Granby rounded on him. ‘I don’t mean to say,’ he said, with a smoldering look in his eye that belied his words, ‘that there is anything old-womanish in all these objections—’

‘For there is not, indeed,’ Laurence broke in sharply. ‘You are quite right, Tom; the danger is not a question of blizzards in particular, but that we have not the first understanding of the difficulties particular to the journey. And that we must remedy, first, before we engage either to go or to wait.’

‘If you offer the fellow money to guide you, of course he will say the road is safe,’ Riley said. ‘And then just as likely leave you halfway to nowhere, with no recourse.’

Staunton also tried again to dissuade Laurence, when he came seeking Tharkay’s direction the next morning. ‘He occasionally brings us letters, and sometimes will do errands for the Company in India,’ Staunton said. ‘His father was a gentleman, I believe a senior officer, and took some pains with his education; but still the man cannot be called reliable, for all the polish of his manners. His mother was a native woman, Thibetan or Nepalese, or something like; and he has spent the better part of his life in the wild places of the earth.’

‘For my part, I should rather have a guide half-British than one who can scarcely make himself understood,’ Granby said afterwards, as he and Laurence together picked their way along the back streets of Macau; the late rains were still puddled in the gutters, a thin slick of green overlaid on the stagnating waste. ‘And if Tharkay were not so much a gypsy he wouldn’t be of any use to us; it is no good complaining about that.’

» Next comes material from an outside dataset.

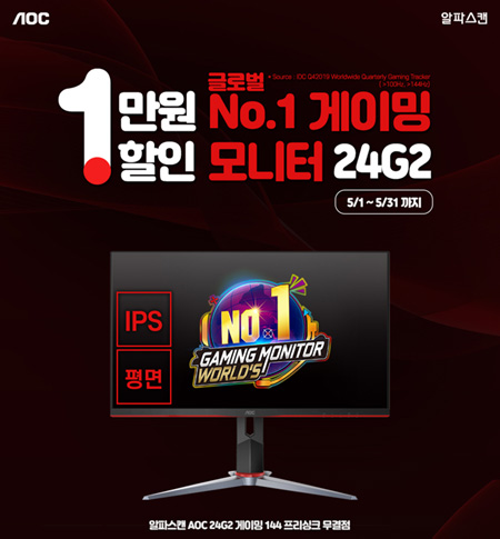 알파스캔 AOC가 144Hz 게이밍 모니터 24G2에 대해 특가 행사를 진행한다. 5월 1일부터 5월 31일까지 진행되는 이번 행사에서는 24G2를 정상가에서 1만원 할인된 309,000원에 구매할 수 있다.
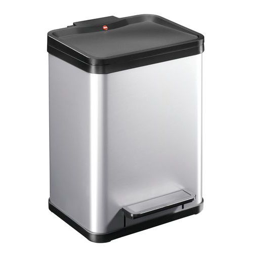Téglalap alakú pedálos kuka fekete műanyag fedéllel és csendes zárással. Két kivehető műanyag béléssel a hulladék szétválasztásához.

At length they found Tharkay’s temporary quarters: a wretched little two-story house in the Chinese quarter with a drooping roof, held up mostly by its neighbours to either side, all of them leaning against one another like drunken old men, with a landlord who scowled before leading them within, muttering.

Tharkay was sitting in the central court of the house, feeding the eagle gobbets of raw flesh from a dish; the fingers of his left hand were marked with white scars where the savage beak had cut him on previous feedings, and a few small scratches bled freely now, unheeded. ‘Yes, I came overland,’ he said, to Laurence’s inquiry, ‘but I would not recommend you the same road, Captain; it is not a comfortable journey, when compared against sea travel.’ He did not interrupt his task, but held up another strip of meat for the eagle, which snatched it out of his fingers, glaring at them furiously with the dangling bloody ends hanging from its beak as it swallowed.